A stomach-to-stomach match between members of the rivaling factions left one cantankerous combatant with a bruised ego — and now one of them is demanding that the police settle the score.
Manhattan Beach Neighborhood Association member Ed Eisenberg and Cy Schoenfeld of the Manhattan Beach Community Group threw their weight around — literally — during a Nov. 9 neighborhood safety meeting, according to Eisenberg.
As the two men argued nose-to-nose, Eisenberg claims that Schoenfeld, 72, thrust his stomach into the 77-year-old retired salesman.
“I could have been hurt,” griped Eisenberg, who said this “tummy bump heard ’round Manhattan Beach” nearly knocked him to the ground. “He was out of control.”
Witnesses to the outburst said the closed-door meeting of the 61st Precinct Community Council executive committee at the Bainbridge Adult Daycare Center on Ocean Avenue was winding down when Eisenberg declared that he was going to bring what was discussed to his Manhattan Beach Neighborhood Association. Schoenfeld shouted Eisenberg down, claiming that he was disrupting the council meeting — and sparking the argument between the two men.
“They were yelling at each other,” Yves Etienne, the council president, remembered. “I had to intervene and call them off.”

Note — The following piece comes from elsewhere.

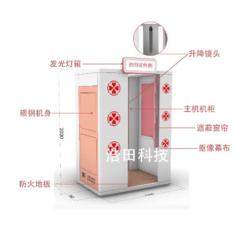 浩田自助證件照相機器,無人自助照相館,全鈑金制造、觸摸屏自助操作、可以在非常短的時間內,為客戶提供頭像采集、費用支付、照片沖印系列服務,且沖印出來的照片質量,符合國家標準,遠勝于一般文印店由打印機打印出來的相片質量。自助付費 立等可取、步驟簡單 語音引導、單反變焦 高清成像

Etienne said he didn’t see the alleged abdominal assault, but was nonetheless appalled by the septuagenarians’ behavior.
“They both want [their group] to be the spokesman for Manhattan Beach,” he said. “This is a duel.”

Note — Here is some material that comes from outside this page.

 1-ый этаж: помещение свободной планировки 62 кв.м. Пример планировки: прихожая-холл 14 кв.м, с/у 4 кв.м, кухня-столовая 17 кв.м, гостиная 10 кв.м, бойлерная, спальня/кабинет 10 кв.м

Schoenfeld denied belly bumping Eisenberg, but admitted to grabbing the Manhattan Beach Neighborhood Association member by the elbow as he tried to escort him out of the senior center.
“He was interrupting the entire meeting,” Schoenfeld said. “He was just ranting. Ed is sick.”
Yet Eisenberg insists he’s serious about holding Schoenfeld’s feet to the fire — and plans on petitioning the NYPD to have his opponent removed from the precinct’s community council.
“I’m upset about this whole thing,” he said. “I’m not letting it go.”
Their proxy fight is the latest in a series of larger battles between the two organizations that date back to an acrimonious 2007 election, when current Manhattan Beach Community Group President Ira Zalcman unseated former president Ronald Biondo.
Biondo and his allies left the group the following year and formed the Manhattan Beach Neighborhood Association. Since then, the groups have clashed over everything from bike lanes to the neighborhood’s private security patrol to a dilapidated city-owned bathhouse.
“There’s been continued resentment after the election,” said Edmond Dweck, a member of the newer group. “It’s never been resolved.”
Zalcman wouldn’t comment on the war between the groups, but Schoenfeld said he’s losing his stomach over the back-and-forth bickering.
“It’s nonsensical that we have two groups instead of working together,” he said.